Health Hats: How are you different because you experienced that?

Bevin: For me, I think it was a pretty healing and powerful experience. I came from a pretty chaotic family life with a pretty disjointed family not a lot of extended family. And so, for me, I think it was lovely and affirming. And I got to experience a family I would have loved to have had as a kid.

Health Hats: You did it. I get that feeling when I travel. I went to Cuba. I did it. You know what I mean? David, how about you?

David: It was harder, maybe a little harder for me than it might have been for Bevin. Again, mainly because. Bevin has a bunch of siblings, but they don’t live close, and I don’t think any of our pod crew had other, like, physically close and very close family members except for Maggie’s mom. But again, it was really hard to prioritize literally and physically the pod over, like, my actual family. And that’s so

Health Hats: Was there learning in that?

David: No, but there was no learning in that. However, I suppose it was a learning experience; there was no ‘Oh, and we’ve all learned a great lesson about X, Y, Z.’ It wasn’t stated or explicit. I think it made me realize, like Bevin, that having a close and loving community is really important. Honestly, it also gave me a greater appreciation for my sister, whom I missed a lot, and my nephews and my brother-in-law, whom I also missed a lot. I wouldn’t make any other decision than the ones we made, but that was a real challenge. I also wasn’t great at communicating. I was, I think, better at expressing this internally or externally to my sister. Yeah. Okay. Externally. Yeah. I wasn’t saying, ‘Sarah, I’m going to, I’m going to catch up with this group of friends, and I’m really sorry.’ I know you’re probably feeling alone, and I’m not with you right now. I avoided that conversation, but I think that since I. The restrictions have come down.
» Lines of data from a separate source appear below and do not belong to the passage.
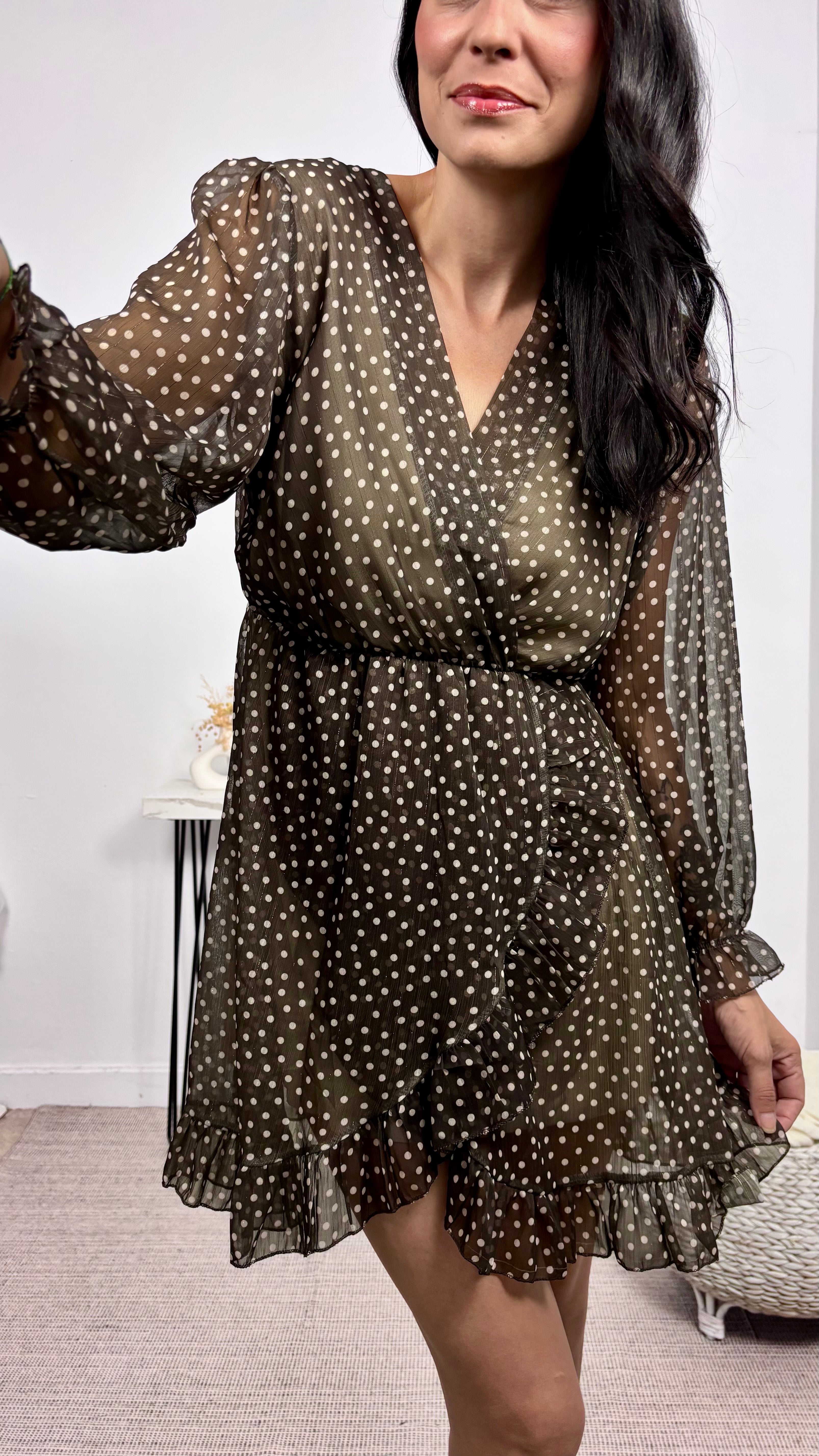 Vestido Gasa Topos Chocolate
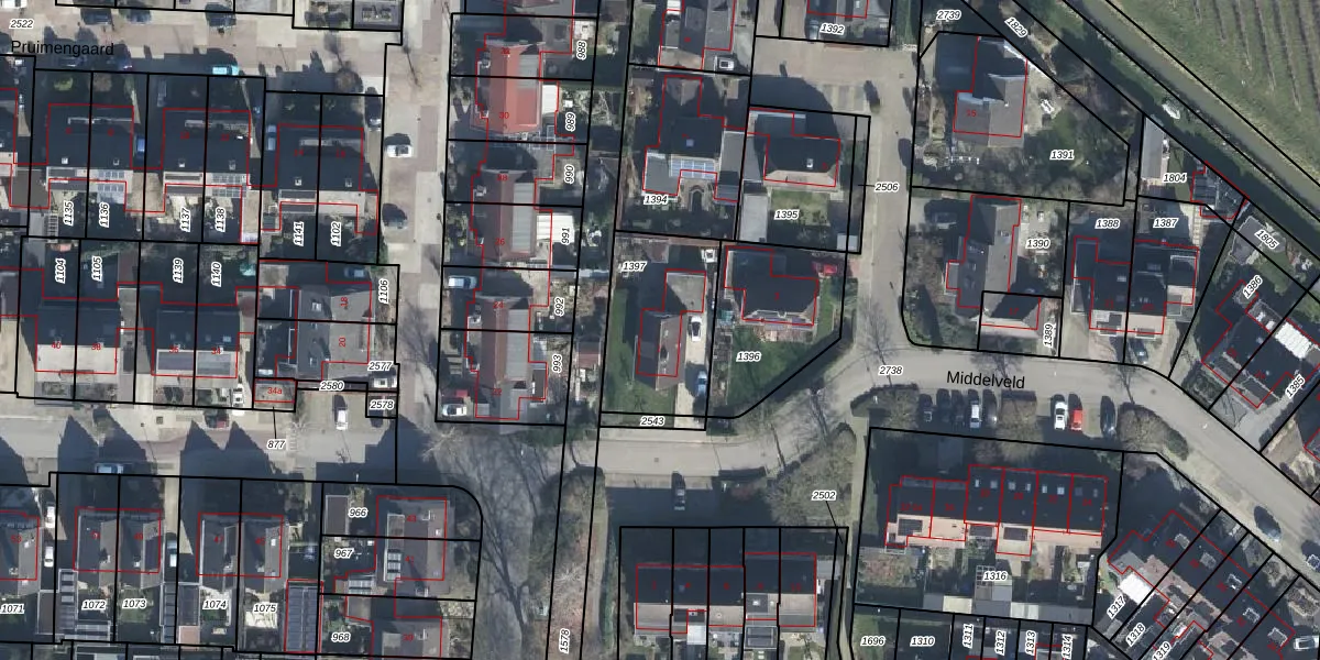 Gebruik de zoekbalk of klik op een perceel voor informatie over de adressen binnen dit perceel.
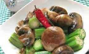 練習1.提前準備好原料2.將秋葵洗凈,去蒂。一鍋開水煮(3分鐘,不要太久)3.將煮好的秋葵放入冷水中。冷卻的同時撈出瀝幹的水份,裝盤待用。4、將蒜剁碎放入碗中,倒入事先準備好的蔥油,加入醬油、鹽和糖。5.調汁。撒上秋葵,吃蘑菇炒秋葵
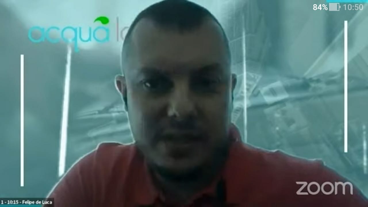 Na primeira parte, apresentaram-se as startups Acqualogic, Bluetech, Galax.ia, Smartacqua e Upflow, exibindo ideias relacionadas ao tema “Eficiência Operacional”.
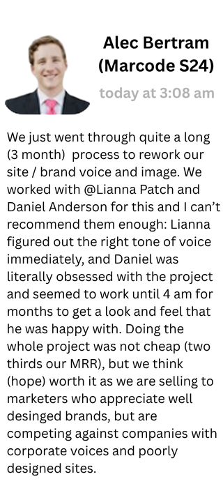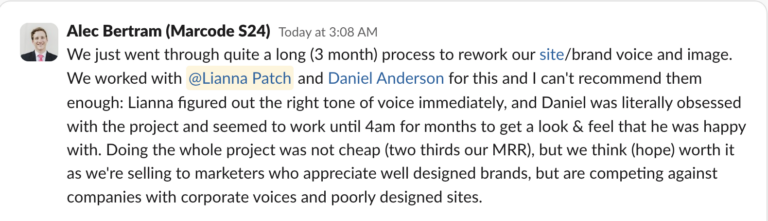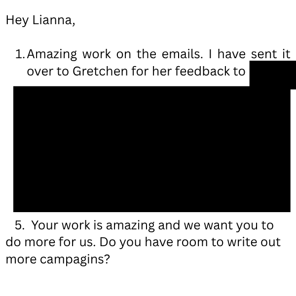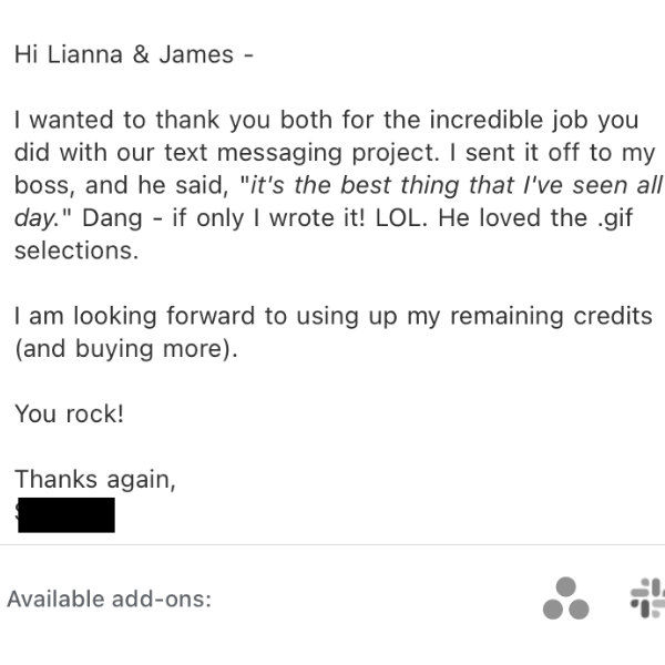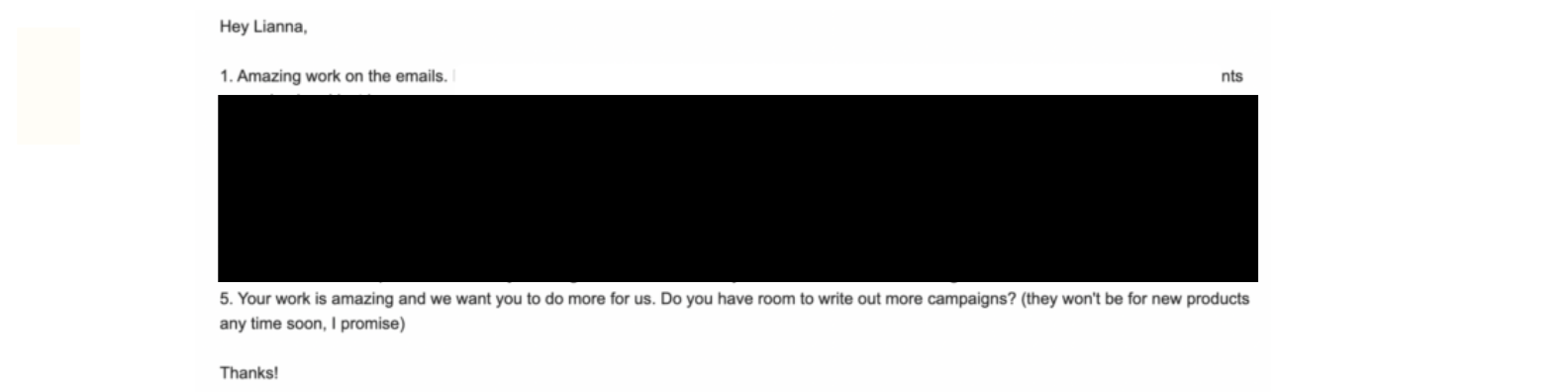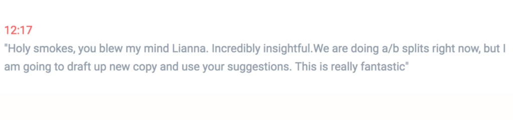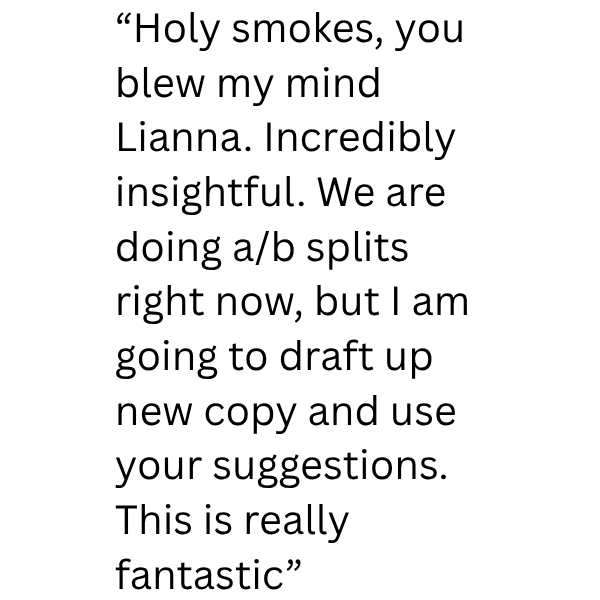 “You can just tell Lianna’s brain was made for helping improve copywriting. She’s thorough, thoughtful and considers how each phrase can be tweaked to impact the target audience in the way you want. Do yourself the favor of using her perspective and save yourself hours.
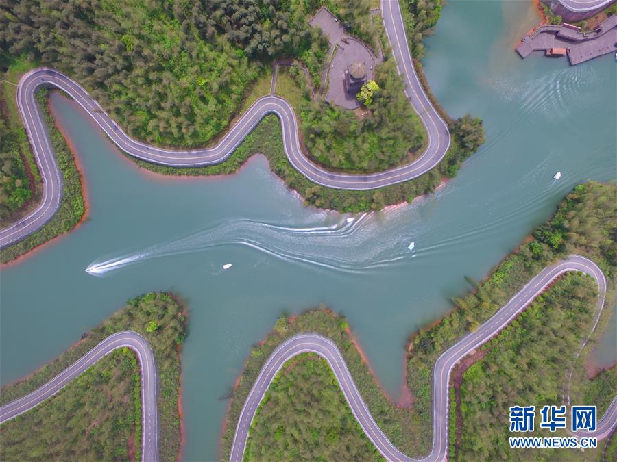 5月1日,在貴州省赤水市竹海國家森林公園里,游客乘坐快艇游覽竹海湖(無人機照片)?!拔逡弧奔偃掌陂g,人們以多種方式放松心情、享受假日。新華社發(fā)(張鵬攝)
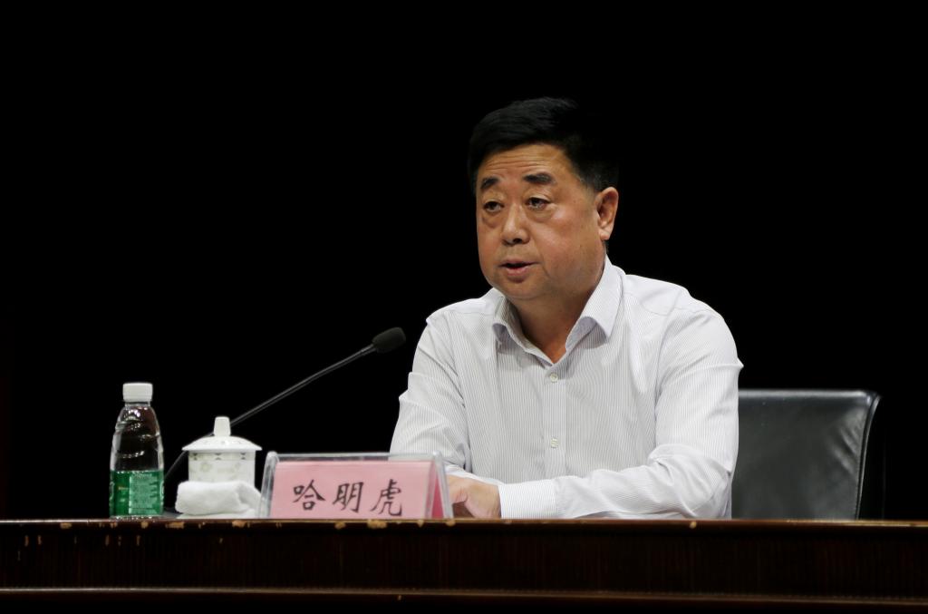 图为校党委书记哈明虎代表学校领导班子作表态发言
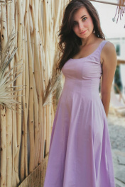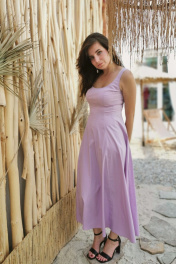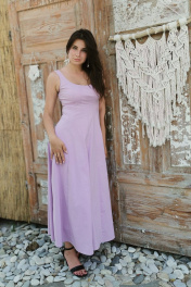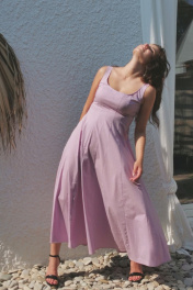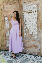 Платье миди от ERTANNO выполнено в элегантном лиловом оттенке из высококачественной хлопковой ткани. Эта изящная модель идеально подчёркивает фигуру благодаря приталенному силуэту и коническому расширению к низу. Длина платья достигает щиколоток, а его отсутствие рукавов и подкладки обеспечивает легкость и комфорт. Застежка на потайную молнию в среднем шве спинки добавляет практичности. Платье станет отличным выбором для вечерних выходов и торжественных мероприятий, особенно в сочетании с подходящими аксессуарами. Длина-132см. Параметры готового изделия: (42)ОГ-85см,ОТ-69см; (44р)ОГ-89см ,ОТ-73см ; (46р)ОГ-93см ,ОТ-78см ; (48)ОГ-97см ,ОТ-82см. Подкладка: нет Параметры модели: рост 173 см, ог-97, от-78, об-97 На модели размер 46
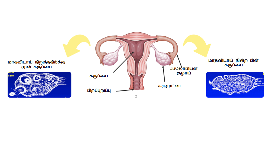 பல வருடங்களாக சுழற்ச்சி முறையில் நடைபெற்ற மாதவிடாயானது ஒரு வயதிற்கு மேல் நின்றுவிடும் அக்காலபகுதி மாதவிடாய் நிறுத்தம் என அழைக்கபடுகின்றது.
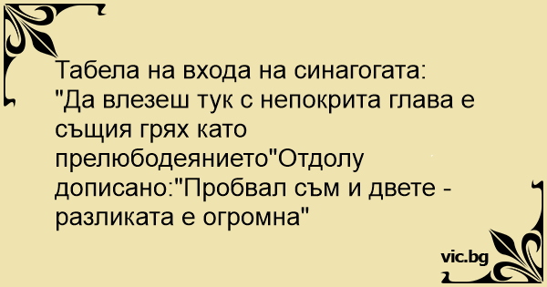 "Да влезеш тук с непокрита глава е същия грях като прелюбодеянието"Отдолу дописано:"Пробвал съм и двете - разликата е огромна"

She’s also a nurse, so she was, to some degree, understanding because she was in the thick of the healthcare crisis itself.

But I don’t know. I just feel like my relationship with my sister has changed. The crisis, per se, ended better now. And that’s mostly because I realized how central that relationship is, and my relationship with my nephews, my brother-in-law, and my kids’ relationships with their cousins is really important.

Fortunately, that relationship has only grown stronger since Covid, and perhaps the absence makes the heart grow fonder. So maybe that. Paradoxically. Made the relationship stronger. That was a challenge for me. And yeah, it was like, I felt lucky. I still feel lucky. I also felt like I was repressing a lot at the moment. Like I feared, mostly. And, the anxiety, it’s just it was a time of high anxiety.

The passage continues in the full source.